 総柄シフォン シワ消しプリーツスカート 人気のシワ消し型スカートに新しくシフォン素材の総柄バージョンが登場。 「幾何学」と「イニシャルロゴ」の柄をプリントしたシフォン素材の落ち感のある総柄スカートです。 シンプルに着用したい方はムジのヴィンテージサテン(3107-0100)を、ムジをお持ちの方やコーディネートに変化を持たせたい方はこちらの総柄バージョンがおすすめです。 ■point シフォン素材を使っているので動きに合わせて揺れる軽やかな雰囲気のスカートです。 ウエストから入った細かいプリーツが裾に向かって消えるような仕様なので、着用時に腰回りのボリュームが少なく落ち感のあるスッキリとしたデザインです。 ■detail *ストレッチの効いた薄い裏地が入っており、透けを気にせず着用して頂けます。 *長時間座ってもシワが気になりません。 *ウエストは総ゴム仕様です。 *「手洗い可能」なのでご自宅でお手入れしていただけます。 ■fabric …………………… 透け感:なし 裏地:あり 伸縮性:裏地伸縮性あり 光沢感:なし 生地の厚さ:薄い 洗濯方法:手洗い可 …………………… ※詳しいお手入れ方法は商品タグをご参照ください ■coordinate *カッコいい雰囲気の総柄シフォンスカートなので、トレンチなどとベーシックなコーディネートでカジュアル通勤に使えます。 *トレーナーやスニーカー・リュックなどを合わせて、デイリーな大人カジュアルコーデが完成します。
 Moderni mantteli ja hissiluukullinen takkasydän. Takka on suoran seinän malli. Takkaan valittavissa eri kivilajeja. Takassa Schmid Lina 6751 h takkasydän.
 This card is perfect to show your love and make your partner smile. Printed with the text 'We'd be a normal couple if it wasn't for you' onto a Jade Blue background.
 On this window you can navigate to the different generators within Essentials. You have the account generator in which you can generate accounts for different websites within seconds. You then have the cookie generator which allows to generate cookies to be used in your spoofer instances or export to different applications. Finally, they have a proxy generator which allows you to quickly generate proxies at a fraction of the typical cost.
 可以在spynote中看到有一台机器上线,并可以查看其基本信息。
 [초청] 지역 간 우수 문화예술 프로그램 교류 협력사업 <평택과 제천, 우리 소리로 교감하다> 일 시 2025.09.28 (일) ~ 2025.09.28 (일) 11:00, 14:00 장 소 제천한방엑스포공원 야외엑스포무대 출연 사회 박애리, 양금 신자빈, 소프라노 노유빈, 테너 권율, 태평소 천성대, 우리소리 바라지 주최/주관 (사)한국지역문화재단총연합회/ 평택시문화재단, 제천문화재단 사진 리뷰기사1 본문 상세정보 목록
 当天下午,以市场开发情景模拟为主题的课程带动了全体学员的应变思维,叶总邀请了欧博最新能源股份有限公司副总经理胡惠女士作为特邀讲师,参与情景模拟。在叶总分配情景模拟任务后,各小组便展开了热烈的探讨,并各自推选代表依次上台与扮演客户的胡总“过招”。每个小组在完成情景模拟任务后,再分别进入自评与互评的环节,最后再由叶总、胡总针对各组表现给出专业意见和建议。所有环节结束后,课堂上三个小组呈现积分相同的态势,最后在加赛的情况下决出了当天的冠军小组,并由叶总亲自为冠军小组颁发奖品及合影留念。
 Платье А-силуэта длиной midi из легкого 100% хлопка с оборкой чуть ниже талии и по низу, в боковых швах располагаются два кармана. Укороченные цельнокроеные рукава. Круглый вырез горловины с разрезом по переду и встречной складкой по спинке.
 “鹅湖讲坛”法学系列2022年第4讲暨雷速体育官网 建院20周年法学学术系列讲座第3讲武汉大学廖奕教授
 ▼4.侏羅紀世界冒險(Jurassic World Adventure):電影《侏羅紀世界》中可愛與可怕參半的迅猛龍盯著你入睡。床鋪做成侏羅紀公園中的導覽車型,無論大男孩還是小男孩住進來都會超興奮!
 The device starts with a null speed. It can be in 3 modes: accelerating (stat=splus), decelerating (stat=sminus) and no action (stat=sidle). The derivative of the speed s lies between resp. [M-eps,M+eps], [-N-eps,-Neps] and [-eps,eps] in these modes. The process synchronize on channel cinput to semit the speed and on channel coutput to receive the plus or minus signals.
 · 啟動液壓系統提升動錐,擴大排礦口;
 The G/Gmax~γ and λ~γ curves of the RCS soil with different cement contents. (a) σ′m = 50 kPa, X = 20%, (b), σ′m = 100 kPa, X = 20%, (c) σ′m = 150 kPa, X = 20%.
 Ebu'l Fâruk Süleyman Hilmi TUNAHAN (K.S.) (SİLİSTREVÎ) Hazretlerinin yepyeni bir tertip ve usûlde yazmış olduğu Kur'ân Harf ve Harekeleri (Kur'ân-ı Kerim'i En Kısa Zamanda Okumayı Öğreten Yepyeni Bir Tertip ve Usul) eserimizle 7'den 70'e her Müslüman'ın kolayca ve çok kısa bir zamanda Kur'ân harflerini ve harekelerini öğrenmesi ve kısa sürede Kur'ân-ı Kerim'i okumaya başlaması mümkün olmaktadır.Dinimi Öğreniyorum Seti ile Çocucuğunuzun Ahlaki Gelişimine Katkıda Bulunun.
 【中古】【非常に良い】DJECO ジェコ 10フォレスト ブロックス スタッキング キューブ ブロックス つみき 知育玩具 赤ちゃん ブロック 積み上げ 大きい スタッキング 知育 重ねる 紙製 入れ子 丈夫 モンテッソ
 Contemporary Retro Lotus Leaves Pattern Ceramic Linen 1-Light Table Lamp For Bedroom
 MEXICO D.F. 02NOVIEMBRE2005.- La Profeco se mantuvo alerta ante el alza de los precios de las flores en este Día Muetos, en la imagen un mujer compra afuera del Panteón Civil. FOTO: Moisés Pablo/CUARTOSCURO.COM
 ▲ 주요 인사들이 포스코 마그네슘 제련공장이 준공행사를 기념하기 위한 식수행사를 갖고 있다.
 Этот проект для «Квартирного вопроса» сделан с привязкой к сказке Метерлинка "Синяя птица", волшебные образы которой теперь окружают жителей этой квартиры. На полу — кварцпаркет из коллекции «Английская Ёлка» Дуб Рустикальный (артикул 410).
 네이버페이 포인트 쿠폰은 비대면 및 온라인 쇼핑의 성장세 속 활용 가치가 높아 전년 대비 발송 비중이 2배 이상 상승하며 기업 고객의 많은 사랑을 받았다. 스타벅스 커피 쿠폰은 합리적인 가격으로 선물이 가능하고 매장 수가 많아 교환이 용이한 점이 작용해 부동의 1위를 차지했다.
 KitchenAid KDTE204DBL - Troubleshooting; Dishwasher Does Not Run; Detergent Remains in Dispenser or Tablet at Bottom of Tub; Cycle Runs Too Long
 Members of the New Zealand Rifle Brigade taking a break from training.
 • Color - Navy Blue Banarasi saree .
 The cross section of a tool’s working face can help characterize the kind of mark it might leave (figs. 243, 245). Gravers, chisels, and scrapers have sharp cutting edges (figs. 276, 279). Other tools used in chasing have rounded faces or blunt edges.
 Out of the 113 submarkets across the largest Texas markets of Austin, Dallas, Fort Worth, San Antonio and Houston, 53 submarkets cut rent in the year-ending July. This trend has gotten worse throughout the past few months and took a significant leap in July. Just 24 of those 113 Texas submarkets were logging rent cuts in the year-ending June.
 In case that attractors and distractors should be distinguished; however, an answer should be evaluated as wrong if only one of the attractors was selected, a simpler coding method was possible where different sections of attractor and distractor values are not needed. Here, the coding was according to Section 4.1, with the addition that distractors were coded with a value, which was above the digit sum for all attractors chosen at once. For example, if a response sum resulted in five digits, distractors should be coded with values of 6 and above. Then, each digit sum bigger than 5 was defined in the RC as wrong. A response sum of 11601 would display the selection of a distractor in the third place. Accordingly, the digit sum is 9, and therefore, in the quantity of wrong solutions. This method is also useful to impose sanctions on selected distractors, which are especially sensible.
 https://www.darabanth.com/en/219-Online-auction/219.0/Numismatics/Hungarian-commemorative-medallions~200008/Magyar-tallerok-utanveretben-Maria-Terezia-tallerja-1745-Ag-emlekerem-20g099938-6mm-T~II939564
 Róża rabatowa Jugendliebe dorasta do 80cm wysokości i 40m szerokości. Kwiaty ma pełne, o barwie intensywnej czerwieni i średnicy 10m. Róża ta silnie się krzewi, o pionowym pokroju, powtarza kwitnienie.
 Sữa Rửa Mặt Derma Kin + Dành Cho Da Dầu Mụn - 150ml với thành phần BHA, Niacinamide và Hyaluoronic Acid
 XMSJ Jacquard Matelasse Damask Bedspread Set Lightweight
= = =
What to produce
Please return the lines above that run from the line containing "入れ子 丈夫 モンテッソ" to the line containing "Out of the 113", inclusive, exactly and with no other lines.

Answer for the task
 【中古】【非常に良い】DJECO ジェコ 10フォレスト ブロックス スタッキング キューブ ブロックス つみき 知育玩具 赤ちゃん ブロック 積み上げ 大きい スタッキング 知育 重ねる 紙製 入れ子 丈夫 モンテッソ
 Contemporary Retro Lotus Leaves Pattern Ceramic Linen 1-Light Table Lamp For Bedroom
 MEXICO D.F. 02NOVIEMBRE2005.- La Profeco se mantuvo alerta ante el alza de los precios de las flores en este Día Muetos, en la imagen un mujer compra afuera del Panteón Civil. FOTO: Moisés Pablo/CUARTOSCURO.COM
 ▲ 주요 인사들이 포스코 마그네슘 제련공장이 준공행사를 기념하기 위한 식수행사를 갖고 있다.
 Этот проект для «Квартирного вопроса» сделан с привязкой к сказке Метерлинка "Синяя птица", волшебные образы которой теперь окружают жителей этой квартиры. На полу — кварцпаркет из коллекции «Английская Ёлка» Дуб Рустикальный (артикул 410).
 네이버페이 포인트 쿠폰은 비대면 및 온라인 쇼핑의 성장세 속 활용 가치가 높아 전년 대비 발송 비중이 2배 이상 상승하며 기업 고객의 많은 사랑을 받았다. 스타벅스 커피 쿠폰은 합리적인 가격으로 선물이 가능하고 매장 수가 많아 교환이 용이한 점이 작용해 부동의 1위를 차지했다.
 KitchenAid KDTE204DBL - Troubleshooting; Dishwasher Does Not Run; Detergent Remains in Dispenser or Tablet at Bottom of Tub; Cycle Runs Too Long
 Members of the New Zealand Rifle Brigade taking a break from training.
 • Color - Navy Blue Banarasi saree .
 The cross section of a tool’s working face can help characterize the kind of mark it might leave (figs. 243, 245). Gravers, chisels, and scrapers have sharp cutting edges (figs. 276, 279). Other tools used in chasing have rounded faces or blunt edges.
 Out of the 113 submarkets across the largest Texas markets of Austin, Dallas, Fort Worth, San Antonio and Houston, 53 submarkets cut rent in the year-ending July. This trend has gotten worse throughout the past few months and took a significant leap in July. Just 24 of those 113 Texas submarkets were logging rent cuts in the year-ending June.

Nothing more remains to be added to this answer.